**SUPPLIED ENTRIES:**
- - -

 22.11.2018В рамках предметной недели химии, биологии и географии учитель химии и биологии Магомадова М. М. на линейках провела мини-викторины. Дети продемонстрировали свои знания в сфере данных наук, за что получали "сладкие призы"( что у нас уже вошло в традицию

- - -

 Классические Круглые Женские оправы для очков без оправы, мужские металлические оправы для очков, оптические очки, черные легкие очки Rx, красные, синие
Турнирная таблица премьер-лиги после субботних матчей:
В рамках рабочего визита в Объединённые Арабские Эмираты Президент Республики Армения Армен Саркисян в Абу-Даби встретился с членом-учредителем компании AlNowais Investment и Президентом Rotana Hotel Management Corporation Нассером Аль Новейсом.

- - -

Your answer should be the lines of the listing above between the line holding "Турнирная таблица премьер-лиги" and the line holding "В рамках рабочего", inclusive, restated word for word and alone.

**SOLUTION FOR THIS EXERCISE:**
Турнирная таблица премьер-лиги после субботних матчей:
В рамках рабочего визита в Объединённые Арабские Эмираты Президент Республики Армения Армен Саркисян в Абу-Даби встретился с членом-учредителем компании AlNowais Investment и Президентом Rotana Hotel Management Corporation Нассером Аль Новейсом.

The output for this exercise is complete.